Jean-François Copé, qui s'inscrit dans le couloir idéologique de 
Nicolas Sarkozy, est un écueil de plus pour l'ancien président. 
    Les "juppéistes" ne s'y sont pas trompé qui ont accueilli 
dimanche avec une bienveillance zélée l'entrée en lice du 
député-maire de Meaux, au nom de la liberté et du "débat". "Vive 
la compétition avec Jean-François Copé et les autres", a 
"tweeté" le député Benoist Apparu, soutien du maire de Bordeaux. 
    Le ralliement attendu de l'ancien Premier ministre 
Jean-Pierre Raffarin à Alain Juppé, le favori des sondages, -- 
et sa justification plus encore -- sont un autre mauvais signal 
pour le président des Républicains. 
    "Je ne suis pas anti-sarkozyste et je connais ses capacités 
de rebond et de résistance. (...) Je suis cependant étonné de 
voir que le démarrage de la campagne de Nicolas Sarkozy n'a pas 
à ce jour donné les résultats escomptés", explique le sénateur 
de la Vienne dans La Nouvelle République. 
    Jusqu'à suggérer une comparaison avec le candidat 
républicain Donald Trump aux Etats-Unis, qui "fait une course 
aux extrêmes et, finalement, cherche à renforcer son noyau dur 
plutôt qu'à rassembler le pays." 
     
    "CARTE POSTALE TIMBRÉE" 
    "La multiplication des défections fragilisent Sarkozy et il 
semble accuser le coup. Les mauvais sondages y sont aussi pour 
beaucoup", témoigne un député LR. 
    Un autre, sceptique sur les chances du prédécesseur de 
François Hollande, refuse de croire à une réédition du scénario 
de 1994-95 où un Jacques Chirac isolé était parvenu à triompher 
du favori Edouard Balladur. "A l'époque, il n'y avait pas de 
primaire et ils n'étaient que deux. Aujourd'hui, comme l'a bien 
dit (le premier secrétaire du Parti socialiste Jean-Christophe) 

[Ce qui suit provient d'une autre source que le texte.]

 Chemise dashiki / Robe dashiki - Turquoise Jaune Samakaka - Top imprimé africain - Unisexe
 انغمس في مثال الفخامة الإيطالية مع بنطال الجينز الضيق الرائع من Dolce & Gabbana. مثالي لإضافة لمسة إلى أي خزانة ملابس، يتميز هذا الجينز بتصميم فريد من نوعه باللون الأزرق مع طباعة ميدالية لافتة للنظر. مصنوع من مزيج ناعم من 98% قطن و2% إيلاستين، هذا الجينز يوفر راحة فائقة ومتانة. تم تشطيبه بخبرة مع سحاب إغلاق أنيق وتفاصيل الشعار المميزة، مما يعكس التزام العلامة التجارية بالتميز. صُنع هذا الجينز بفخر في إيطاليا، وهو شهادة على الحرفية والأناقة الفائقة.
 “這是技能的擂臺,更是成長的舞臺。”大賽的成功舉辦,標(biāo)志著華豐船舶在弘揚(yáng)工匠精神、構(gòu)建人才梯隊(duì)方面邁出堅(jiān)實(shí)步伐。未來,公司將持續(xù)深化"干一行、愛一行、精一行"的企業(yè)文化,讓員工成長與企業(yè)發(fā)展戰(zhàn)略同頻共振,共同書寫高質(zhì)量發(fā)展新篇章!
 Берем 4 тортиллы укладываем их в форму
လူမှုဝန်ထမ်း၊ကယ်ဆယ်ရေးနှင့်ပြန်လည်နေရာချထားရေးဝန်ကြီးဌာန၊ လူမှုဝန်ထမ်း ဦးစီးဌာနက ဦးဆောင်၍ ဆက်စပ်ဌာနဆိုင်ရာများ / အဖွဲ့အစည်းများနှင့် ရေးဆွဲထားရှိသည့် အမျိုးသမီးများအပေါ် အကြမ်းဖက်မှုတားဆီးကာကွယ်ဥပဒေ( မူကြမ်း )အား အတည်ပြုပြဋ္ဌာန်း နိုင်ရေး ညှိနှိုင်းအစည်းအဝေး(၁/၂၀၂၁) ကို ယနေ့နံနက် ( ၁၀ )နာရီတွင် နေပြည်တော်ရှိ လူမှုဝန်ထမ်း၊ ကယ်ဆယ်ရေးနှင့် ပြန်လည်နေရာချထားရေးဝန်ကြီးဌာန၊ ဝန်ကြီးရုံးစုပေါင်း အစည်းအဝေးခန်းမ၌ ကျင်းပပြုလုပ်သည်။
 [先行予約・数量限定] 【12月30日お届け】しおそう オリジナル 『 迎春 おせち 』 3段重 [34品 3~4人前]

Cambadélis, c'est une équipe de football." 
    Alain Juppé, François Fillon, Hervé Mariton, Jean-François 
Copé, Frédéric Lefebvre, Jean-Frédéric Poisson et Nadine Morano 
se sont déjà déclarés pour le scrutin de novembre. La 
candidature de Bruno Le Maire est attendue autour du 23 février, 
celle de Nathalie Kosciusko-Morizet autour du 9 mars. 
    "La bonne nouvelle, c'est que comme il faut 20 
parlementaires pour être parrainé, qu'il doit y avoir à peu près 
400 parlementaires Républicains, il ne devrait pas y avoir plus 
de 20 candidats", a plaisanté lundi sur Europe 1 Luc Chatel, 
conseiller politique de Nicolas Sarkozy. 
    Le choix tactique de l'ancien président d'attendre, 
vraisemblablement jusqu'en septembre, afin de se donner la plus 
grande latitude -- foncer dans la dernière ligne droite, voire 
renoncer à une candidature tout sauf "automatique" selon ses 
propres termes -- n'est pas du goût de tous ses fidèles. 
    Le sénateur des Hauts-de-Seine Roger Karoutchi a réclamé 
lundi sur LCI un "message clair" de Nicolas Sarkozy sur ses 
intentions. "Qu'il dise 'Je ne suis pas encore candidat mais je 
ne me déroberai pas' et ça ira très bien", a-t-il dit. 
     
    "CE N'EST PEUT-ÊTRE PAS MOI..." 
    "Il n'est pas question que je prenne la décision maintenant 
parce que je suis le président de la famille. Rassembler, c'est 
difficile, mais indispensable. Sans rassemblement autour d'un 
projet fort il n'y aura pas d'alternance", a affirmé le 
président des Républicains dimanche soir sur TF1. 
    Nicolas Sarkozy estime encore pouvoir emporter la mise sous 
le sceau du rassemblement avec le soutien du "noyau" militant 
des Républicains, acquis à sa cause et appelé à voter sur un 
projet "collectif" en avril prochain. Un corpus idéologique qui 
porte l'empreinte de l'ancien président et dont il veut faire 
une arme "légitimiste" face aux projets concurrents. 
    "C'est peut-être moi qui les défendrai (les 
propositions-NDLR), ce n'est peut-être pas moi", a-t-il précisé 
avec une prudence inusitée le 4 février dernier sur France 2. 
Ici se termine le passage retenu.